Department of Statistical Science, Duke University, Durham, North Carolina.
Stat Med. 2018 Oct 30;37(24):3533-3546. doi: 10.1002/sim.7911. Epub 2018 Aug 1.
We develop methodology for causal inference in observational studies when using propensity score subclassification on data constructed with probabilistic record linkage techniques. We focus on scenarios where covariates and binary treatment assignments are in one file and outcomes are in another file, and the goal is to estimate an additive treatment effect by merging the files. We assume that the files can be linked using variables common to both files, eg, names or birth dates, but that links are subject to errors, eg, due to reporting errors in the linking variables. We develop methodology for cases where such reporting errors are independent of the other variables on the files. We describe conceptually how linkage errors can affect causal estimates in subclassification contexts. We also present and evaluate several algorithms for deciding which record pairs to use in estimation of causal effects. Using simulation studies, we demonstrate that case selection procedures can result in improved accuracy in estimates of treatment effects from linked data compared to using only cases known to be true links.

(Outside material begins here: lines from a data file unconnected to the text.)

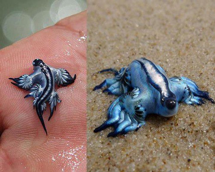 The blue dragon: This pretty sea slug developed the perfect coloring for hiding while floating on the sea surface. The sapphire side of the body faces upward and blends perfectly with the blue water, while the silver part faces downward so it can’t be seen by predators from below. The blue dragon is not poisonous but it can gather poison from what it eats, concentrate and store it, and use it if it gets attacked.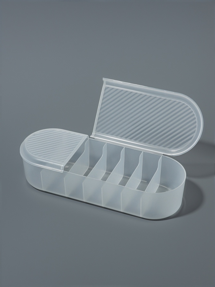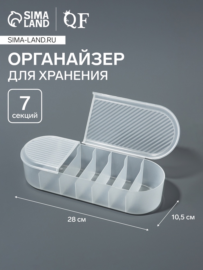 [Картинка122]Органайзер с крышкой от QF — это незаменимый помощник для вашего дома. Прозрачный дизайн позволяет легко видеть содержимое, а семь отдельных секций обеспечивают удобное хранение мелочей. Изготовленный из качественного пластика, он защищает ваши вещи от пыли, грязи и влаги, сохраняя их в чистоте и порядке.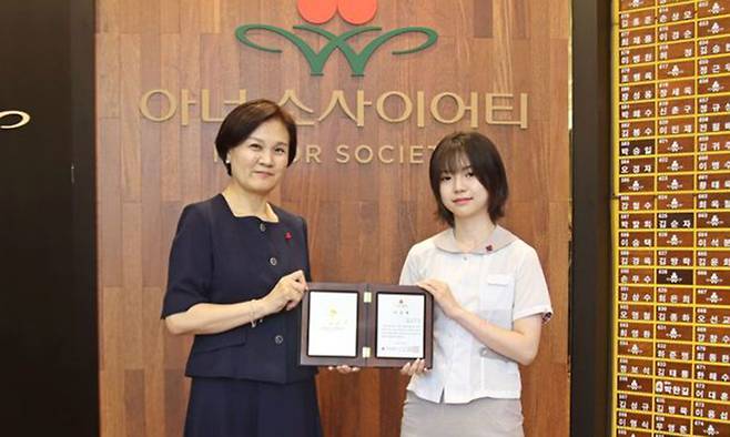 청소년 베스트셀러 작가 백은별(16·사진 오른쪽)이 1억원 이상 고액기부(약정)자 모임인 '아너 소사이어티(Honor Society)'에 가입했다.

我们开发了一种在使用概率记录链接技术构建数据时,通过倾向评分子分类进行观察性研究因果推断的方法。我们专注于协变量和二元处理分配在一个文件中,而结果在另一个文件中的情况,并且目标是通过合并文件来估计加性处理效果。我们假设可以使用两个文件共有的变量(例如姓名或出生日期)链接文件,但链接可能存在错误,例如由于链接变量的报告错误。我们开发了一种针对这种报告错误与文件上的其他变量无关的情况的方法。我们从概念上描述了链接错误如何影响子分类环境中的因果估计。我们还提出并评估了几种用于确定在因果效应估计中使用哪些记录对的算法。通过模拟研究,我们证明与仅使用已知为真实链接的情况相比,病例选择程序可以使从链接数据中估计处理效果的准确性得到提高。